Late at night, outside the town of Wartwood, a loony native called One-Eyed Wally leaves the pub and is "attacked" by a strange creature.

The next day, the Plantars, which consists of grandfather Hop Pop and his two grandchildren: 10-year-old Sprig and his younger sister Polly, come to town to go shopping. Hop Pop puts Polly in charge of watching the wagon over the older Sprig due to his tendency to be irresponsible. Meanwhile, an unharmed Wally runs into town raving and ranting about a creature with unusual features that supposedly was trying to eat him. As Mayor Toadstool promises that something will be done about it, Sprig decides that he will be the one to capture the creature so that he can earn Hop Pop's trust.
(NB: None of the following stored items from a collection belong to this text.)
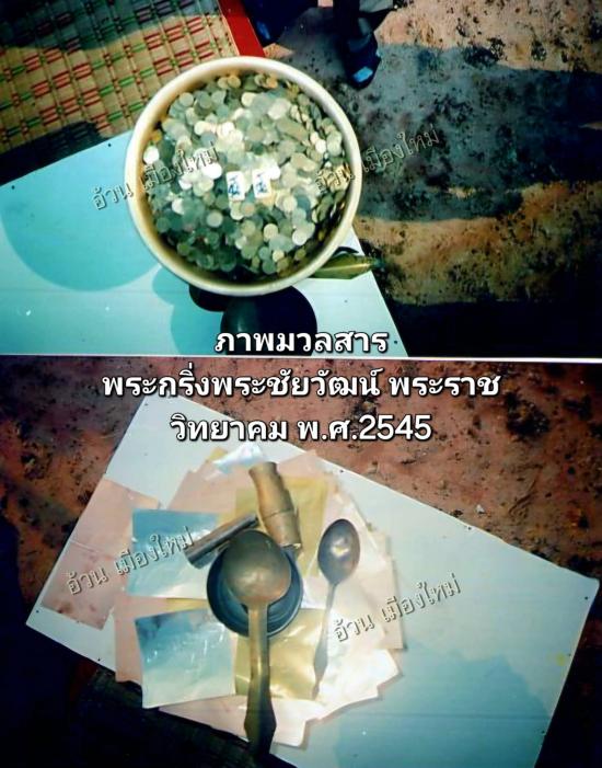 | พระชัยวัฒน์ยอดธงพระราชวิทยาคมเถระ ( เนื้อสตางค์ ตอกโค้ดเจดีย์ , มีเดือย 1 องค์ / ไม่มีเดือย 1 องค์ ) พ.ศ.2545 ( จัดสร้างแบบละ 1000 องค์ ) |
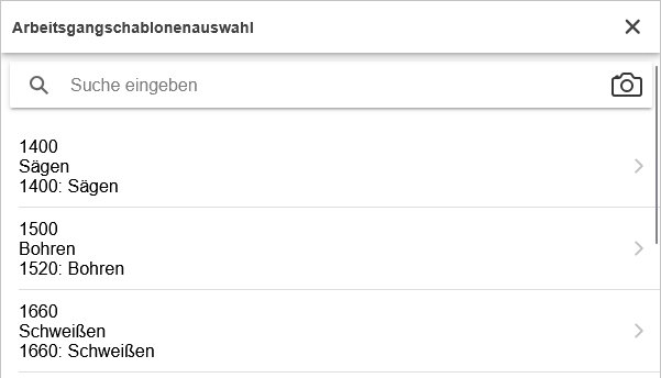 3. Arbeitsgangschablone auswählenWählen Sie eine Arbeitsgangschablone für den ungeplanten Arbeitsgang aus. Der Dialog "Arbeitsgangschablonenauswahl" öffnet sich automatisch nachdem Sie einen Fertigungsauftrag ausgewählt haben. Über das Suchfeld können Sie ebenfalls entweder den Barcode einer Arbeitsgangschablone scannen oder die in der Liste angezeigten Arbeitsgangschablonen durch Eingabe eines Suchbegriffes weiter einschränken. Der ungeplante Arbeitsgang wird anschließend aus den Vorgaben der Arbeitsgangschablone erstellt.
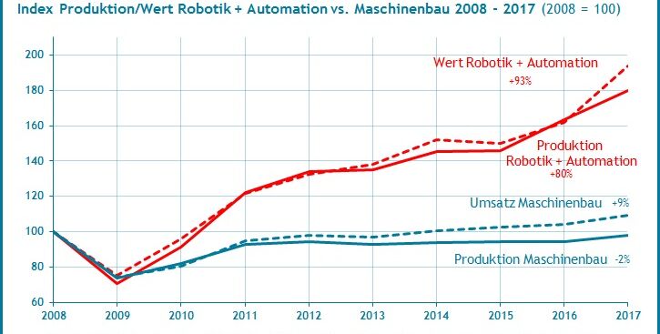 Bereits 2010 hatten Produktion und Umsatz der Branche Robotik und Automation das Vorkrisenniveau überschritten – dem Umsatz des Maschinenbaus gelang dies erst 2014 und der Produktion im Jahresvergleich bis 2017 nicht. Die Produktion der Branche stieg im Vergleich zum Vorkrisenjahr 2008 um 80 Prozent, der Wert bzw. Umsatz der Branche sogar um 93 Prozent. Der Maschinenbau konnte demgegenüber seinen Umsatz zu 2008 um 9 Prozent steigern, die Produktion liegt 2017 noch um 2 Prozent hinter dem Vorkrisenniveau, wie die Marktuntersuchung zeigt.
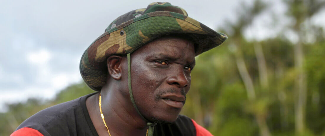 TA: Boogie is a true connector of the river. He comes from Bigiston, a village where Indigenous people and Maroons live together. Every month, he delivers oil to the Indigenous people in the mouth of the Maroni River. His father is Pamaka, and his mother Ndyuka. He’s Surinamese, but his wife is from French Guiana. She is Christian, while Boogie’s grandmother is a priestess in the Ndyuka spiritual tradition, which has many rituals to honor Mother Earth.
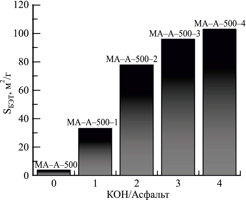 Текстурные характеристики синтезированных образцов приведены в табл. 2. Для сравнения в таблице представлены опубликованные ранее основные показатели пористой структуры образцов, полученных без дополнительной стадии механической активации [17]. Изменение соотношения КОН:асфальт от 1 до 4 приводит к постепенному увеличению удельной площади поверхности и объема пор до 50%. Проведение МА асфальта с КОН увеличивает показатели пористой структуры на 30% в сравнении с образцами, приготовленными ранее [17]. Дополнительное стимулирование развития пористости происходит не только за счет тонкого измельчения и однородного смешения реагентов. Можно предположить, что формирование пористой текстуры начинается на стадии механической активации в планетарной мельнице. При этом увеличивается число точечных контактов, осуществляется их постоянное обновление, реализуются процессы размножения и миграции дефектов в объеме твердого тела, причем подвижность частиц смеси может быть достаточной для перемешивания вещества на молекулярном уровне. Это может способствовать более эффективному развитию пористой структуры углеродных материалов при последующей высокотемпературной активации. В связи с этим предположением, была исследована пористая структура образцов, полученных сразу после МА асфальта с КОН. Также для сравнения была проанализирована текстура асфальта после МА без добавления КОН. Видно, что при совместной механической активации асфальта и КОН с ростом содержания КОН текстурные характеристики SБЭТ и Vадс увеличиваются в несколько раз по сравнению с карбонизованным асфальтом после МА без КОН (MA-A-500). На рис. 2. показана зависимость SБЭТ образцов после механической активации от соотношения КОН/асфальт. Полученные результаты свидетельствуют о формировании первичной пористости после совместной МА асфальта и КОН.
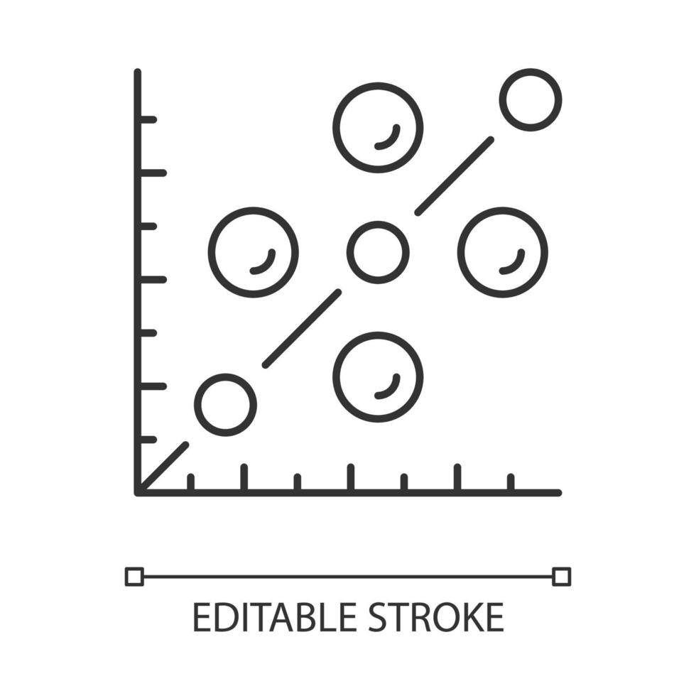 Scatter plot linear icon. Scattergram. Mathematical diagram. Chart on coordinate plane. Statistics data. Thin line illustration. Contour symbol. Vector isolated outline drawing. Editable stroke Pro Vector
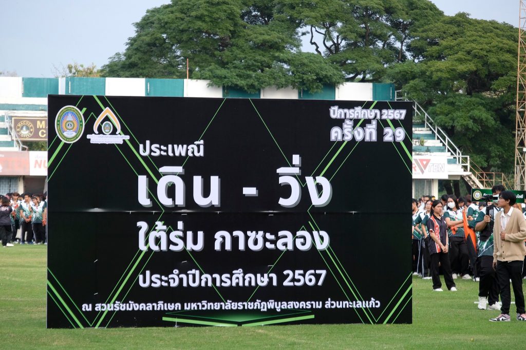 เมื่อวันศุกร์ที่ 8 พฤศจิกายน 2567 คณะวิทยาการจัดการนำโดยคณบดี รองคณบดี คณาจารย์ บุคลากร และนักศึกษา เข้าร่วมกิจกรรมประเพณีเดิน – วิ่ง ใต้ร่ม…กาซะลอง ครั้งที่ 29 ” ประจำปีการศึกษา 2567 ณ มหาวิทยาลัยราชภัฏพิบูลสงคราม ส่วนทะเลเเก้ว
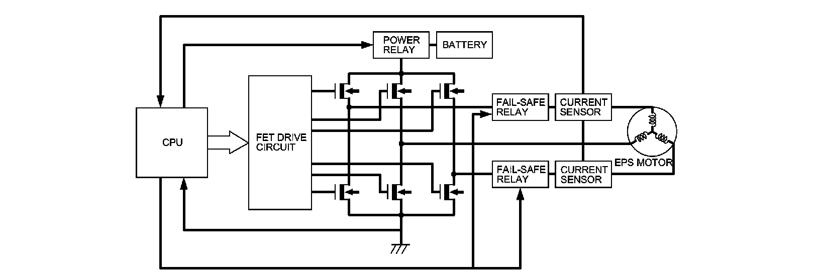 The EPS uses an efficient brushless DC type motor. The EPS motor control circuit is composed of a system control CPU, FET drive circuit, H type FET bridge, power relay, fail-safe relay, electric current sensor, and the EPS motor. From the input sensor signals, the CPU calculates and outputs the appropriate three-phase current for the FET drive circuit.

He bribes Polly with candy, who accepts and Sprig hops away into the woods.

Sprig begins his search only to be immediately caught by the beast, revealed to be a human girl named Anne Boonchuy. She rescues Sprig from a giant praying mantis and the two begin to learn about one another. Anne explains that she found herself in Amphibia through unknown means. Sprig sympathizes with her and wants to help her. Meanwhile, back in town, just as Mayor Toadstool is turning the townsfolk into a mob to hunt for the beast, Hop Pop learns that Sprig is missing and takes Polly into the woods to "rescue" him. Everyone catches up and ties Anne down only for the praying mantis, as well as a bigger one, to arrive and begin attacking the frogs. Sprig and Anne team up and defeat the mantis. Sprig then tells everyone that Anne is just trying to get home and that they should help her. While there is apprehension, Hop Pop agrees to take her in.
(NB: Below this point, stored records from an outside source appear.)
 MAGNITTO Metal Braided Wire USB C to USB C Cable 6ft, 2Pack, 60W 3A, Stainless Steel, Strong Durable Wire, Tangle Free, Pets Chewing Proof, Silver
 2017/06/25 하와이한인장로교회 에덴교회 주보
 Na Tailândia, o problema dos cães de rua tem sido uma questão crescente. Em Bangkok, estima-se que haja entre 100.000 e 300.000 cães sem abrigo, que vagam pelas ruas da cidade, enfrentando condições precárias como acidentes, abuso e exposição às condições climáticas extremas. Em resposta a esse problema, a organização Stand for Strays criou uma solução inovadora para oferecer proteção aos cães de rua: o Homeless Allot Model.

Anne wants to leave immediately, but Hop Pop informs her that she will be unable to due to the surrounding area being covered in mountains that are frozen over for the season and that she will have to wait a couple of months. Later on, after Sprig says goodnight to Anne, she takes out a music box and opens it, only for nothing to happen. She tries again a few more times before solemnly sighing to herself "Looks like I'm gonna be here for a while".

== Production and broadcasting==
The episode was directed by Bert Youn; written by series creator Matt Braly and story editor Jack Ferraiolo; and storyboarded by Youn, Kyler Spears, and Yonatan Tal.

On April 26, 2019, before the episode's Disney FanFest released a music video for a vocal version of the opening theme titled ″Welcome to Amphibia″ performed by Celica Gray Westbrook and a two-minute clip during a livestream. It was originally planned to be used as the show's theme song.

On May 14, 2019, Disney Channel released the trailer, with Disney Channel releasing the final version of the intro 3 days later.

== Critical reception ==
Colliders Dave Trumbore gave both "Anne or Beast?" and "Best Fronds" a 4 stars rating, feeling that they "[served] as a great introduction to the series".